Но Владимирова наша звала отнюдь не врача. Ей нужен был начальник оперчасти! Как раз оперчасть в лагерях занимается цензурой писем, слежкой, подслушиванием и вербовкой стукачей. Надо ли писать, что наш «опер» Шлепанов явился незамедлительно — это, пожалуй, был первый случай, чтоб его вызывали из Малой зоны!
Содержание их беседы не осталось для нас секретом. Владимирова кричала так, что слышно было с любого места нашего пятачка — хотели мы того или нет.
— Хватит с меня этой зоны, так ее и растак! Я тут больше не хочу! Я уже поняла, что за люди тут сидят — тра-та-та-та… Вот такие, с ихним Сахаровым во главе, втягивают порядочных советских людей в свои темные делишки, а потом кровь пьют! Растак и разэтак! Я уже все поняла! Я и по телевизору выступлю, и по радио, и все про них расскажу как есть! Только уберите меня отсюда!
Чего уж отвечал ей Шлепанов — не знаем (он-то не орал), но только желание Владимировой убраться отсюда удовлетворено не было, к великому нашему сожалению. Ловушка захлопнулась: изъявить готовность стать провокатором — одно, а выйти из лагеря — совсем другое. И Шлепанов ушел, а бедолага осталась в зоне — разумеется, в условиях полного бойкота, всякое общение с ней мы прекратили. А она-то надеялась, что стоит ей заявить «хочу выступить по телевизору!», и КГБ тут же отпустит ее на свободу. На кого ж ей теперь было выплескивать свое отчаяние и ярость? Разумеется, на нас!

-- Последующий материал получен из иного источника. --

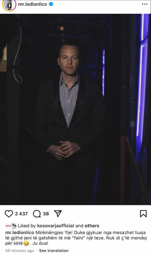 Në formë batute, opinionisti Arbër Hajdari tha se mund t’i “falte” tezen e tij, pas së cilit koment duket se kanë vërshuar edhe mesazhet në Instagramin e Liços
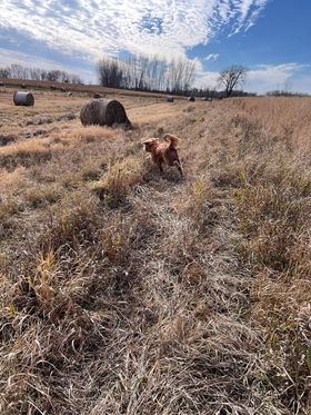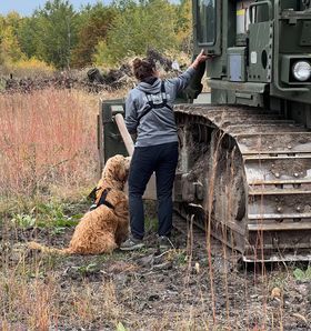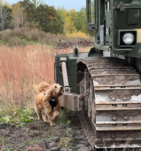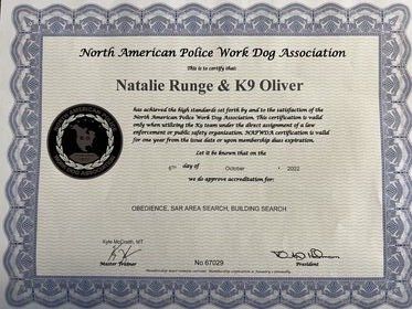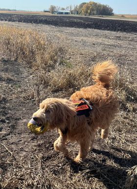 "His name is Oliver Hero. I just wanted to thank you for this dog! He is incredible! He is what is called an Area Search Dog. We volunteer for the Central Lakes Search and Rescue Unit. He is certified in both area search and building searches. He is super fast, so sometimes it is hard to get pictures of him while in active training. This guy is exceptionally unique and he does brilliant work! He is from Jedi and Daisy's litter from 2021. It typically takes a dog 2 years to certify and he did it in just 5 months! He truly is a special dog and so amazing at his job! He was going to be a therapy dog for my mental health practice, but I found he was super passionate about searching for people so we went that route instead. I actually participated in cognition testing with him and his memory is so stellar that he ACED it! I've done a lot of work with him to figure out what he is most passionate about and this is it! I threw in a picture of his sister from the same litter. She too is training as a service dog. The two of them are best friends!" - Natalie Runge.

Мы невозмутимо занимались своими делами, а она металась по зоне от одной к другой и выкрикивала всю брань, что приходила в ее воспаленную голову. Красная, трясущаяся, с выкаченными глазами… Да уж нормальна ли она? Слезы текут, слюна брызжет… Истерика, или нам-таки подсадили невменяемую? По счастью, буйство ее было ограничено: руками она хоть размахивала, но в ход их не пускала. Максимум, что она себе позволяла, это хлопать дверями так, что летела со стен штукатурка. А потому нам не приходилось заботиться об отпоре: ну, ори себе и хлопай, мы просто не будем обращать внимания.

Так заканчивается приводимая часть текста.